Be Grateful it Didn’t Work Out

“Be grateful that certain things didn’t work out. Sometimes you don’t even know what you’re being protected from or where you’re being guided to in the midst of chaos. That’s why you just have to trust that greater things are aligning for you. Let go gracefully.”
I really don’t like it when things I want to work out…don’t work out.
I’m a planner by nature, so if I get to the point of something working out, chances are it’s going to. Of course, there have been exceptions to this, but I rationalized it by downplaying them, telling myself it/they didn’t really matter, whatever will be, will be, etc.

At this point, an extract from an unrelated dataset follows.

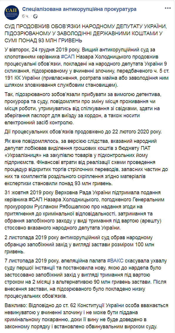 В посте в соцсети говорится, что 24 декабря ВАКС продлил процессуальные обязанности, возложенные на нардепа, по ходатайству руководителя САП Назара Холодницкого.

There has been the very rare occasion where something I deeply wanted to work out, didn’t. And no amount of downplaying or telling myself it didn’t matter worked. Because I’d wanted it to happen so much, felt it deep in my soul, and believed with everything it would, and it just fucking didn’t. Which is still a function of how we can learn from our experiences and how little in control we really are of things outside ourselves, but please, all. That sounds like a bunch of airy-fairy bullshit when the disappointment and devastation is hitting us full-on in the face and we are doing all we can to reach ourselves around it and see something, anything, that is working, in spite of the shrapnel hitting our vulnerable and exposed bits any place it can.

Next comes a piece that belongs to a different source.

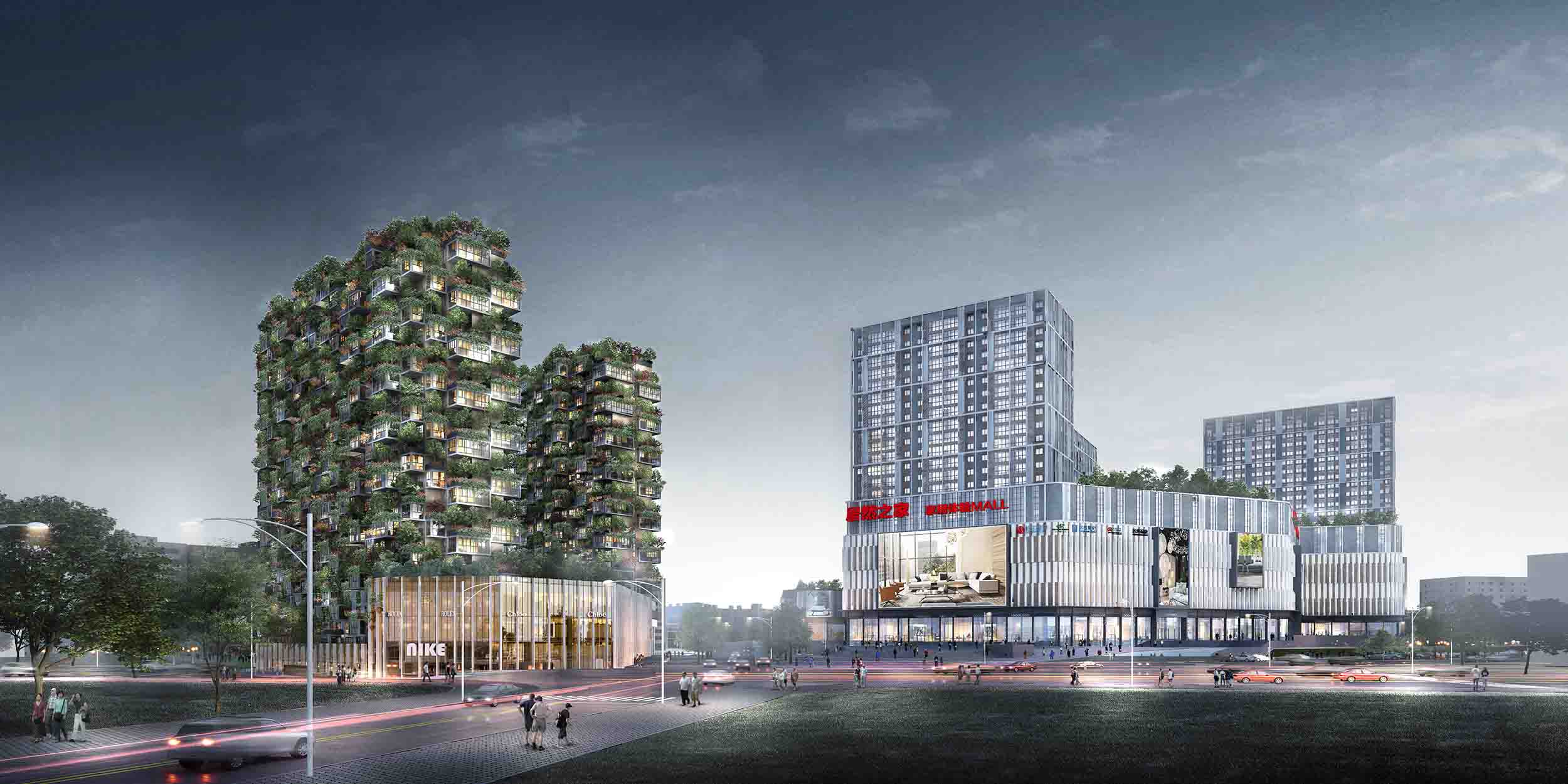 该项目土地面积45418.75㎡。总建筑面积约(含不计容面积)214938.3㎡;总投资100000万元;。其中计算容积率建筑面积158728㎡、不计算容积率建筑面积56210.3㎡、地上建筑面积156830.3㎡,地下建筑面积58068.0㎡,最高建筑的建筑高度为80米;地下一至二层。旨在以绿色建筑的整体概念与设计,打造一个集新体验零售MALL、特色商街、垂直森林住宅、公寓、普通住宅于一体的城市综合体项目。

One example was the end of my “being a French professor” dream. I wanted so badly to become a French professor and teach in the small liberal arts college that I’d attended, and got so far as to start a PhD program. I was so close! And then, by my own hand, I decided to leave the program for reasons I’m still not sure I can adequately articulate today. Mostly your typical, run-of-the-mill, imposter syndrome/fear of not being good or deserving enough/getting so close to finally achieving your dream and freaking out type of stuff, but the despair and sadness ran soul deep on this one and I was adrift for quite a while afterwards. Of course now, I can look back and be grateful because girlfriend is not the kind of personality to sit in some stuffy academic department with a bunch of overly-intellectual, socially-stunted types who spent their entire lives researching an obscure poet from the Moyen Age where everyone spoke in Old French, and — yes, you’re asking the right question — does it even matter that anyone can read/speak Old French? To which you can only answer, Fuck no!! It doesn’t matter at’all!! We speak modern-day French, dingleberry! Because I, like all good French graduate students do, bought the modern version of the book so we could understand what exactly the fuck was going on!! OK, OK, I digress…
Fast forward many years from this example, and I may be — OK, I totally am — up against another one of these rare occasions of something not working out that I really wanted to. En plus, I had a defining moment this week that showed me it’s time to go. Because I’m a lot more aware, both of self and surroundings than I was in Example 1 above, I’ve seen many warning signs happen over the past 6 months or so that clued me into the fact that what I’d originally based my thinking and my decision on are simply not there anymore. Lots of change, lots of ambiguity, lots of resistance, lots of yucky reactions all around. It’s hard to see happen, and even harder for me to see something I’ve invested so much of my time, energy, and effort into go into a tailspin, in spite of knowing it didn’t have to be that way. And yet it is, so maybe it just did.
At this point in my life, I know that is it not my job to step in front of a speeding, out-of-control train in an attempt to save…what? Certainly not it. It’s a speeding, out-of-control train. I’m not going to save myself. I’m ending the week marginally better than the beginning, where I was horizontal for two days, with a fever, no appetite, chills and sweats, my energy and health finally spent by getting dangerously close to the edge of that speeding train. Thankfully, I remembered that the train station was a great place for getting food, going pottie, checking my master schedule, spending some time with a good book and reflecting on how grand life can really be, especially if we allow ourselves to be grateful for what didn’t happen, and trust that something amazing is on its way to us, even if we can’t see it quite yet.